Working data: Begin

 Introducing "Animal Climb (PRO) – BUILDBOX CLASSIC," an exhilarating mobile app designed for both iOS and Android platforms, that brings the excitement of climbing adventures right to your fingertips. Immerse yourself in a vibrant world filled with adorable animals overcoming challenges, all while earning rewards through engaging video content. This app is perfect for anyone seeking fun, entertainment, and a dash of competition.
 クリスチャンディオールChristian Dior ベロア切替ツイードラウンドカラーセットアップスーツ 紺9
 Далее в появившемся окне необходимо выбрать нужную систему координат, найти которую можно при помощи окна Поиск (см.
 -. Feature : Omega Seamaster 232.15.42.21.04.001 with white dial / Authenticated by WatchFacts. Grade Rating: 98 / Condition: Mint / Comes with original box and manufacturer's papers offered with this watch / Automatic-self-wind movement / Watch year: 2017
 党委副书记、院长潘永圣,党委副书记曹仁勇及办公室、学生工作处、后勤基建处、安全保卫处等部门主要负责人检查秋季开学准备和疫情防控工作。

Working data: End
Working data: Begin

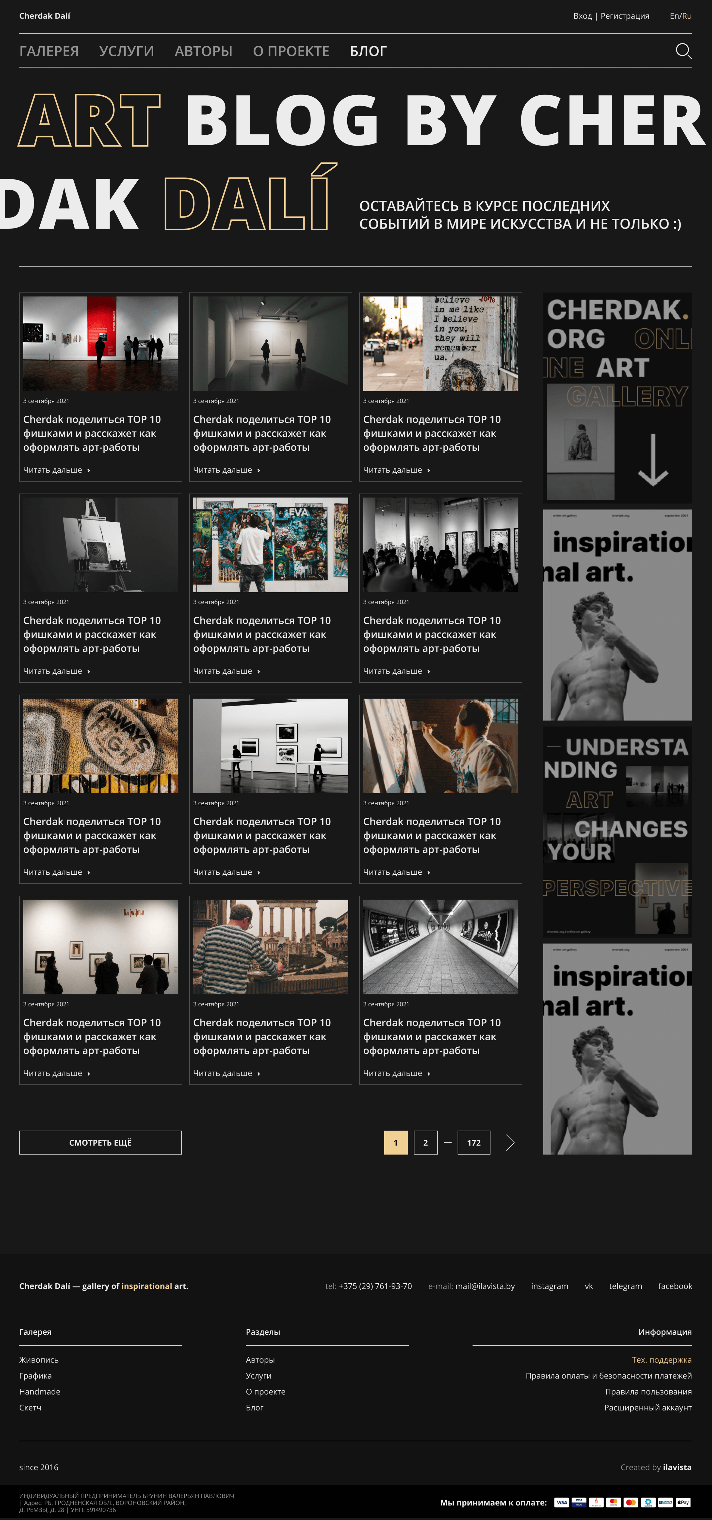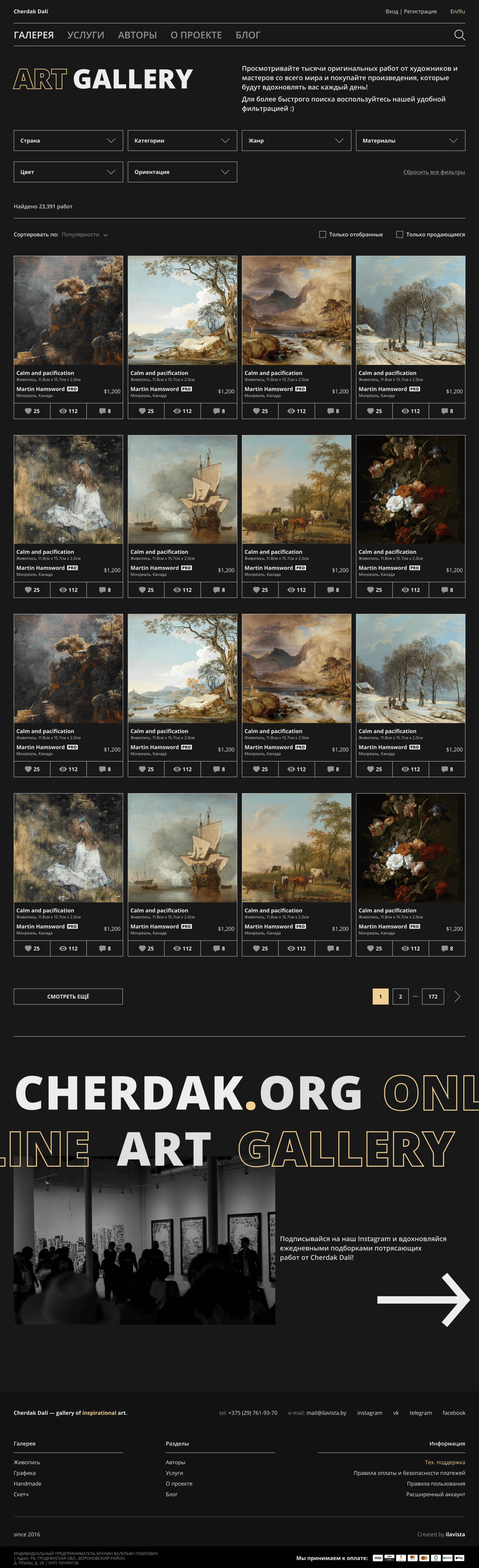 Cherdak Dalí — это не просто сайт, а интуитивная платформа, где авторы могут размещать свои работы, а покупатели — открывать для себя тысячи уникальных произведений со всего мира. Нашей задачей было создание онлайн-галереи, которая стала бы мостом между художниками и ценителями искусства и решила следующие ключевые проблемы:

Working data: End

Exercise directions: Copy every line of the material in which the word "with" occurs.

Task response:
 Introducing "Animal Climb (PRO) – BUILDBOX CLASSIC," an exhilarating mobile app designed for both iOS and Android platforms, that brings the excitement of climbing adventures right to your fingertips. Immerse yourself in a vibrant world filled with adorable animals overcoming challenges, all while earning rewards through engaging video content. This app is perfect for anyone seeking fun, entertainment, and a dash of competition.
 -. Feature : Omega Seamaster 232.15.42.21.04.001 with white dial / Authenticated by WatchFacts. Grade Rating: 98 / Condition: Mint / Comes with original box and manufacturer's papers offered with this watch / Automatic-self-wind movement / Watch year: 2017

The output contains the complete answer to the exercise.